Mars Methane Plume Tracer, Principal Investigator Donald Banfield, Cornell University. Recent reports of spatially and temporally viable methane on Mars have raised questions about the possibility of extant life on Mars, although other potential origins for the methane, such as volcanism, have been cited. Orbital missions to detect gases as possible indicators of Martian life and in situ methods for extracting samples from plume sources are currently being developed. However, methods for characterizing and locating plume sources must first be developed for such missions to be successful.

This project will develop and field-test techniques and instruments to fill this gap, facilitating an increase in our understanding of the nature of discrete volatile sources on Mars, how and when to detect them, and how dispersal of the plumes can guide us to their sources. Orbital observations can localize a source, but will likely be insufficient in directing a robotic sampler in the final few kilometers needed to arrive at the exact location. For this aspect of the problem, conceptual instruments and navigational algorithms to guide a slow-moving Martian rover to a plume’s source will be developed and field-tested.
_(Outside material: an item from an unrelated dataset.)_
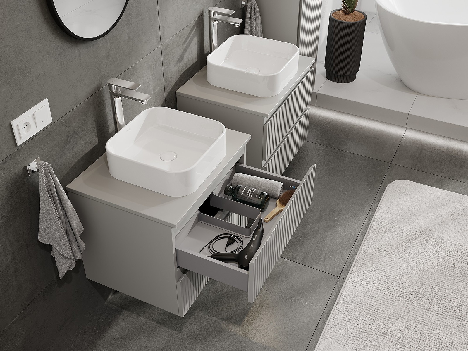 Výrez v zásuvke je navrhnutý tak, aby pojal sifón, ktorý je nevyhnutný v umývadlových inštaláciách. Vďaka tomu môže byť nábytok namontovaný plne funkčne, bez nutnosti vzdávať sa priestoru v zásuvke v prospech inštalácie.

The results of this study will impact future Mars missions and could have applications for exploration of other planetary bodies, including Europa, Titan and the Earth (e.g., life detection in the Atacama, homeland security, pollution detection/enforcement, etc.).

Planetary Lake Lander, Principal Investigator Nathalie Cabrol of NASA Ames Research Center and the SETI Institute. This three-year field campaign will design and deploy a lake lander in the Central Andes of Chile at Laguna Negra (Black Lagoon), a particularly vulnerable system where ice is melting at an accelerated rate. The study will help answer questions about how deglaciation affects habitat, biodiversity, metabolic activity, and biogeochemical cycling in glacial lakes. Such information will provide a better understanding of how life adapted during deglaciations in the past, as well as bring new insight into Mars habitability potential during comparable geological periods.

The research will also present challenges analogous to those faced by future missions to planetary seas on Saturn’s moon, Titan. A lake lander mission to Titan would be the first of its kind, and no background operational data from analogous studies currently exists. This field campaign will deliver the first field demonstration of a remotely operated, adaptive planetary lake lander with complete systems and an analog payload. It will provide critical background information, hands-on experience, realistic simulations, and operational scenarios for the development of future planetary lake landers capable of ever increasing decision-making capabilities.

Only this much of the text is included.